The highlight on this album for me is Milk and Honey, which was later covered by Nick Drake. I have rarely heard such a haunting song and the lyrics are superb.

If you like the more well know artists such as Donovan or Dylan then you would be a fool not to buy this album too.

Priceless.

Cult figure posthumously given the release he deserves5
The last word from a truly tragic artist, 'Blues Run the Game' is the definitive collection, comprising Frank's sole album and all the available demos from the 1970's and 1990's, along with numerous 'lost' recordings of civil war songs and originals, which have surfaced seemingly from thin air. Chilling, stark, passionate and beautifully intense, this is as authentic as it gets. Another reviewer used the term "integrity" to describe Frank; I can't think of a better one.

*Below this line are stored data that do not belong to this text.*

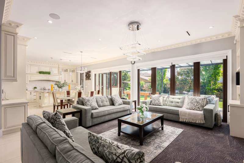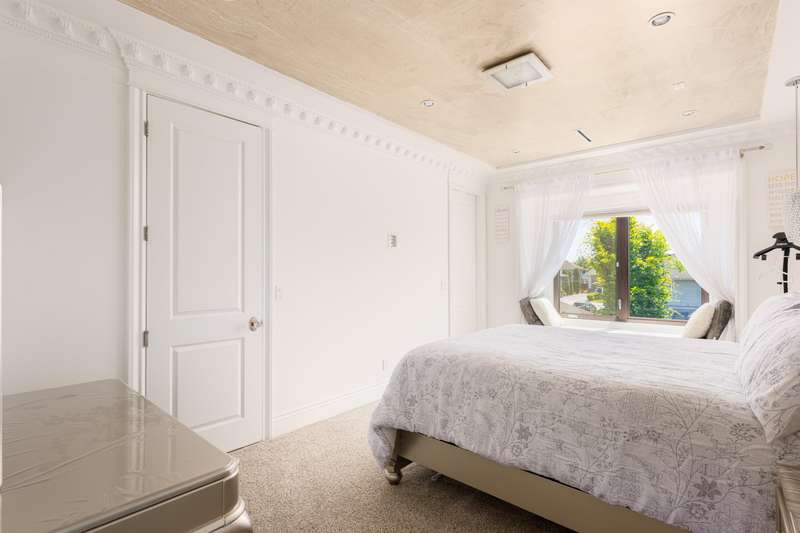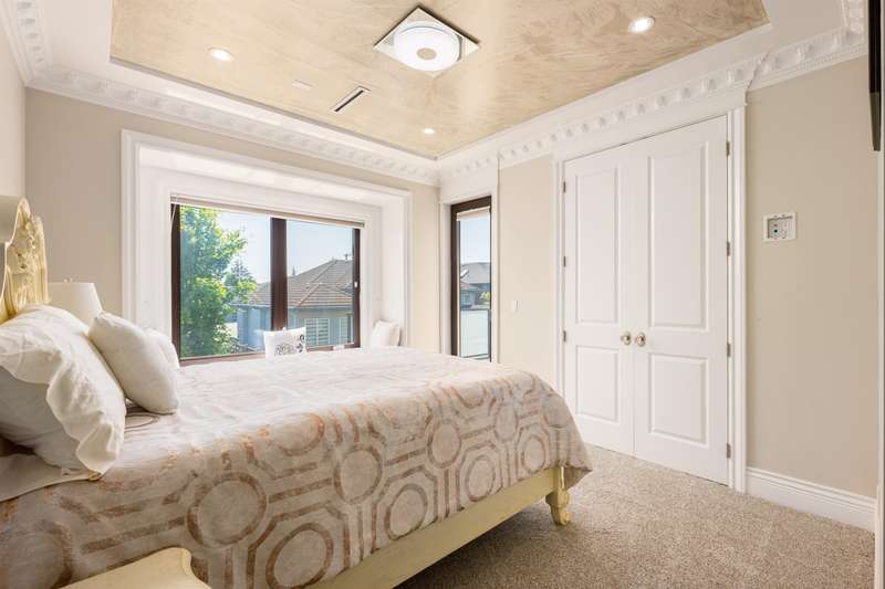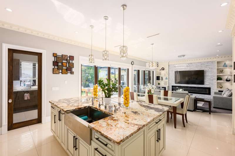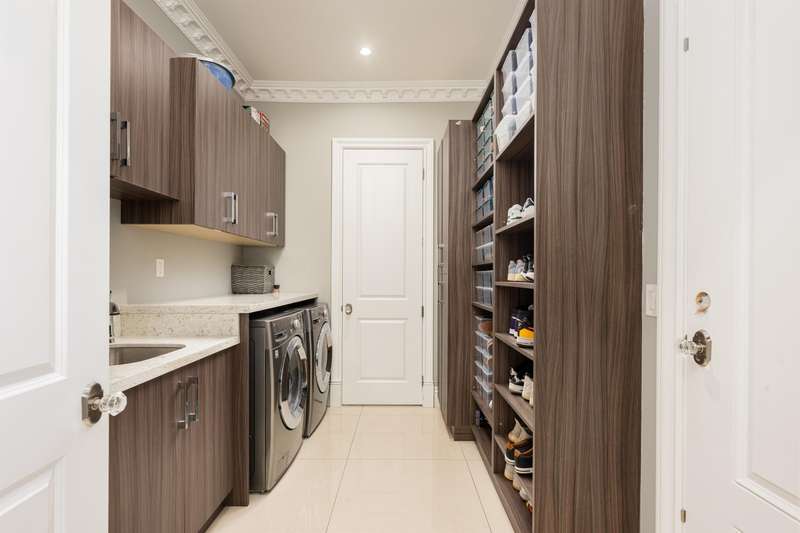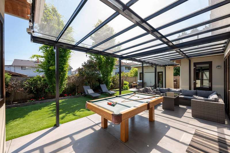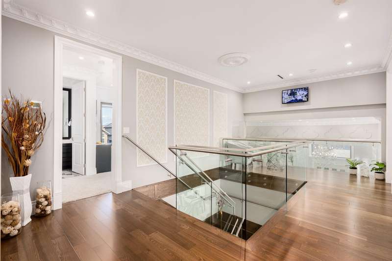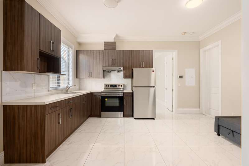 Better than new! This stunning south-facing custom home sits on an 8,713 sqft lot on a quiet street, featuring top-quality craftsmanship throughout. Soaring ceilings in the living and dining areas. Bright and cozy south-facing family room with large German folding patio doors. Main floor media room with full bath can be converted to an ensuite. Legal suite offers great mortgage helper potential. Upstairs boasts four spacious ensuite bedrooms. Equipped with intercom, built-in speakers, and security system. Close to shops, banks, restaurants, schools, transit, and more. A must-see!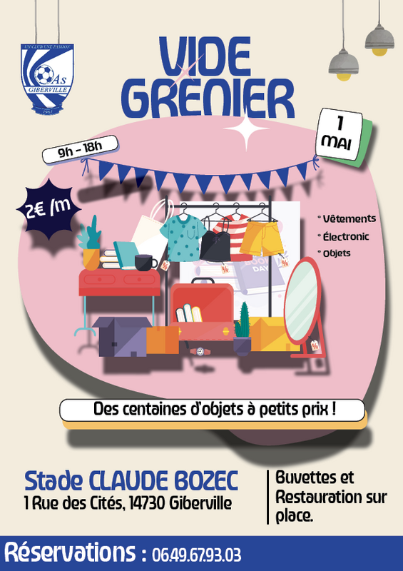 Bonjour, l'as giberville football organise son premier vide grenier le vendredi 01 mai 2026 de 8h à 18h.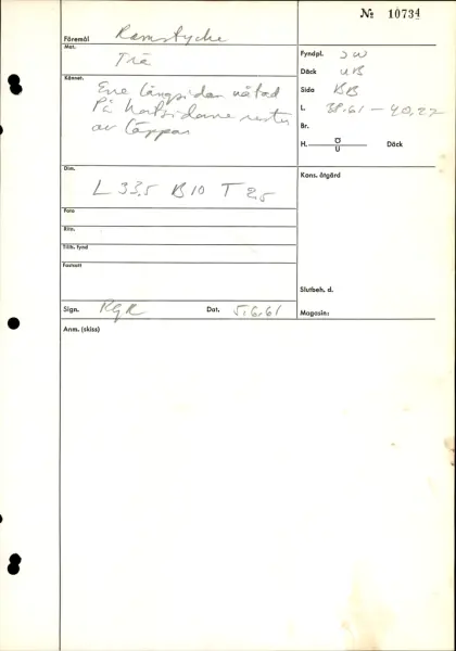 I Vasa, Undre batteridäck, balk 23-24, babord, Längd från för: 3861-4027- FyndplatsI Vasa, Undre batteridäck, balk 23-24, babord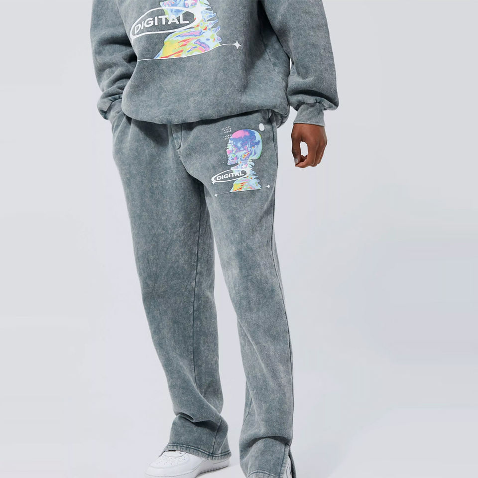 พัฟพิมพ์แบบกําหนดเองผ้าฝ้าย 100% วินเทจหนักน้ําหนักกรดล้างกางเกงเหงื่อในราคาโรงงานขายส่งที่ดีที่สุด
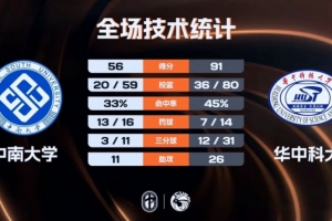 比赛上来,华中科大就迅速进入状态打出8-0的完美开局取得领先,首节打了三分钟之后中南大学才由陈茂姿罚球打破僵局,分差在本节后半段逐渐达到两位数,整个第一节中南大学只拿到10分,首节结束,华中科大23-10领先中南大学。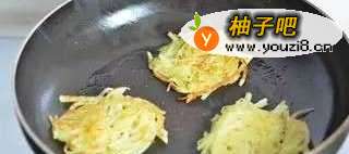 5在平底锅中加适量的橄榄油,油热后将土豆饼放入,用中小火煎好一面后再煎另一面直到二面都焦黄香脆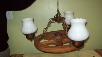 1960'S WAGON WHEEL 3 LIGHT FIXTURE MILK GLASS, COPPER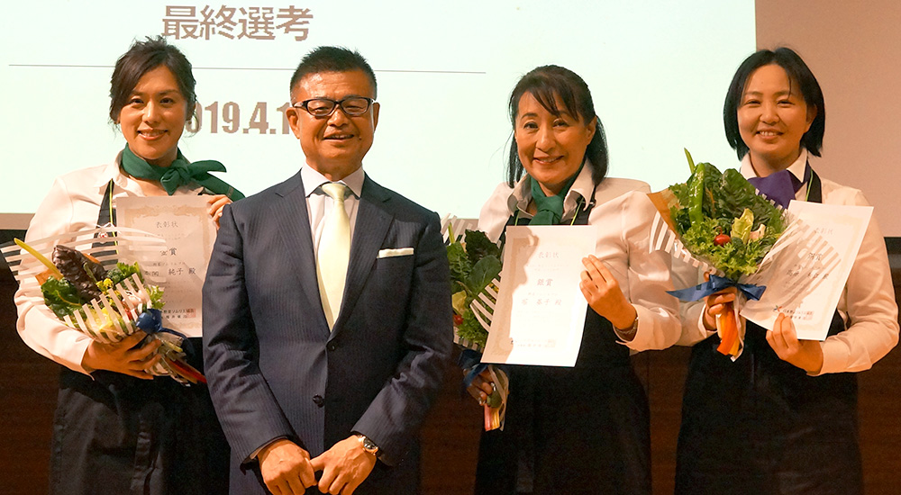 第8回野菜ソムリエアワード結果発表 2019年4月13日、第8回野菜ソムリエアワードの最終選考を開催いたしました。 審査員(特別審査員+参加者*野菜ソムリエ資格保有者)による投票で一番共感を得た発表者が選ばれました。 当日のプレゼンテーションの様子は、それぞれの動画視聴ボタンからご覧いただけます。 野菜ソムリエ部門 金賞 野菜ソムリエプロ 本間純子 (神奈川県)動画視聴 銀賞 野菜ソムリエプロ 堀 基子 (沖縄県)動画視聴 銅賞 野菜ソムリエ上級プロ 高原 和江 (千葉県)動画視聴 【特別審査員賞】今回は大変素晴らしい活動をされた方が多かったため、『特別審査員賞』を設けました。 野菜ソムリエプロ 手登根 節子(沖縄県)動画視聴 野菜ソムリエ上級プロ 山本 喜世憲 (福岡県)動画視聴 野菜ソムリエプロ 木村通子 (大阪府)動画視聴 野菜ソムリエプロ 大西真由美 (広島県)動画視聴 野菜ソムリエプロ 榊原妙 (愛知県)動画視聴 野菜ソムリエコミュニティ部門 金賞 野菜ソムリエコミュニティ福岡動画視聴 銀賞 野菜ソムリエコミュニティTOKYO動画視聴 銅賞 野菜ソムリエコミュニティ熊本動画視聴

You couldn't make it up. Badly injured in a fire as a child, Jackson C. Frank received a sizeable insurance payment and came to England to buy a Jaguar, subsequently making a big impression on the London folk scene way before Dylan. His debut album sold well in the UK but subsequent attempts at a follow up failed, and Frank lost touch with his contemporaries. Fate then ran him up a thoroughly depressing tally of bad fortune, including but not limited to the loss of a son to Cystic Fibrosis, bouts of clinical depression, parathyroid malfunction, misdiagnosis for paranoid schizophrenia and subsequent institutionalisation, chronic poverty and, after his luck looked like it was finally coming round, being shot in the face by a stranger leaving him blind in one eye. This last disaster came after his 'rediscovery' in the early '90's by a fan called Jim Abbott who helped him recover lost royalties and record some new material, resulting in an upsurge in interest in his work. His debut album was re-issued once again, to an appreciative audience, but Frank died in 1999, aged 55. When he wrote 'Blues Run the Game' on a boat to England as a young man it was as though he somehow already knew what was coming.

Frank's work is better known through its coverage by other artists, including Bert Jansch, Nick Drake and Sandy Denny. Perhaps this release will finally redress the balance. A remarkable songwriter, a startling lyricist, and in short, a great guitarist, Frank's work sorely needs to be rescued from doomed folk obscurity.